Against the “New Hume”
Abstract
Is Hume, or is he not, a realist about what Galen Strawson calls “Causation” (with a capital “C”) and Simon Blackburn calls “thick connexions”, that is, necessary connexions between events that go beyond functional relations of regular succession? With this “New Hume” debate now in its third decade, one might feel entitled to wonder whether there is any determinate answer to be had. Both sides have found plenty of Humean quotations to throw at their opponents, passages which taken in isolation might appear to settle the question in their favour. At the same time, both sides have been able to construct plausible accounts of why their opponents’ favoured quotations lack the force that they initially appear to have, and some of these accounts have been not only plausible but philosophically illuminating, unearthing subtle complexities in Hume’s thought which promise – whatever the eventual outcome of the debate – to leave Hume scholarship much richer than had the debate never arisen.
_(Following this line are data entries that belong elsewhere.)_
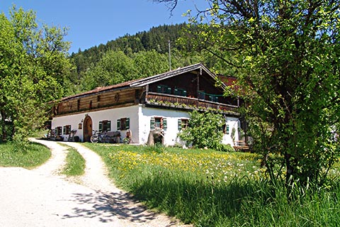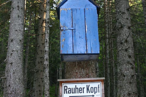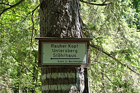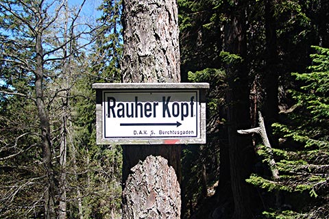 Nach dieser Beschreibung beginnt die Wanderung am Naturbad Aschauerweiherbad. Vom Parkplatz des Naturbad Aschauerweiherbad geht der Bergsteiger zunächst Richtung Bischofswiesen. Wenn der Wanderer bzw. Bergsteiger schon hinab Richtung Bischofswiesen geht, findet er einen Wegweiser nach rechts zur Kastensteinerwand. Der Bergsteiger folgt diesem Wegweiser und geht der Asphaltstraße entlang zwischen einigen Häusern und etwas später steil auf der Straße den Wald hinauf. Kurz bevor der Bergsteiger Bergsteiger die Berggaststätte Kastensteinerwand Alm erreicht, muss er nach rechts auf einen Forstweg einbiegen. Diesen Forstweg entlang geht es nun steil nach oben bis zu einer Rastbank und dem so genannten "Blauen Kastl". Hier biegt der Wanderer bzw. Bergsteiger nach rechts ab und nun geht es einige Zeit einen gut begehbaren Waldweg weiter nach oben zum rauhen Kopf.
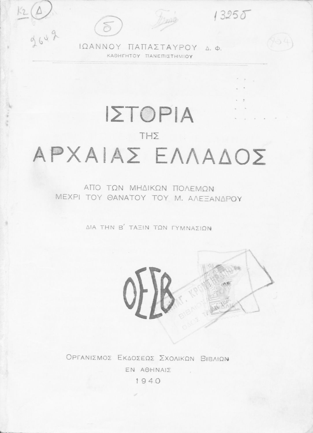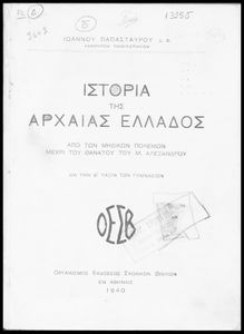 Κωδικός αναγνώρισης: 05-00204 Τίτλος: Ιστορία της Αρχαίας Ελλάδος. Από των Μηδικών πολέμων μέχρι του θανάτου του Μ. Αλεξάνδρου. Διά την Β΄ τάξιν των Γυμνασίων Συγγραφέας: Ιωάννης Παπασταύρου Μέγεθος και υπόστρωμα: Σχολικό εγχειρίδιο, 20εκ., σκληρό εξώφυλλο, 184 σελίδες. Σκίτσα, χάρτης, εικόνες (ασπρόμαυρα). |
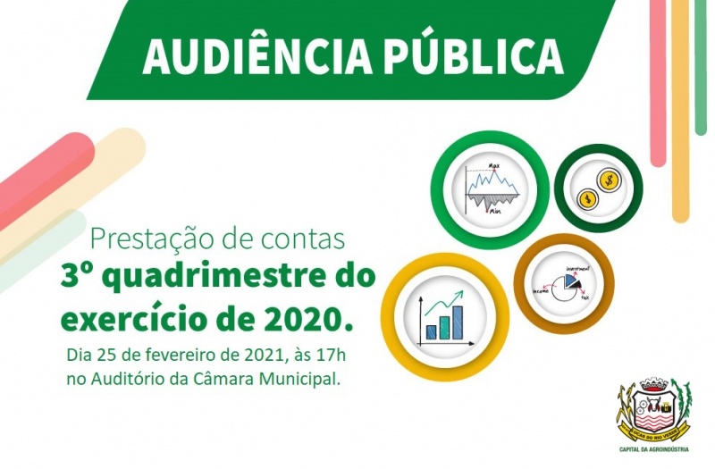 A audiência pública de prestação de contas acontece a cada quatro meses e tem como objetivo informar a população e dar mais transparência ao uso dos recursos públicos. A audiência também é a oportunidade de a população saber quanto foi arrecadado e em que setores foram investidos os recursos públicos.

This might suggest that the appropriate response is to give up the quest for a definitive answer, to see partial truth on both sides, and to acknowledge that Hume’s thought contains an unresolved tension, with strains both of realism and antirealism about Causation.1 But such a reaction, though natural, would I believe be premature, for two related reasons, concerning respectively the importance to Hume of his theory of causation, and its intimate – but sometimes under-explored – relationships with other aspects of his thought.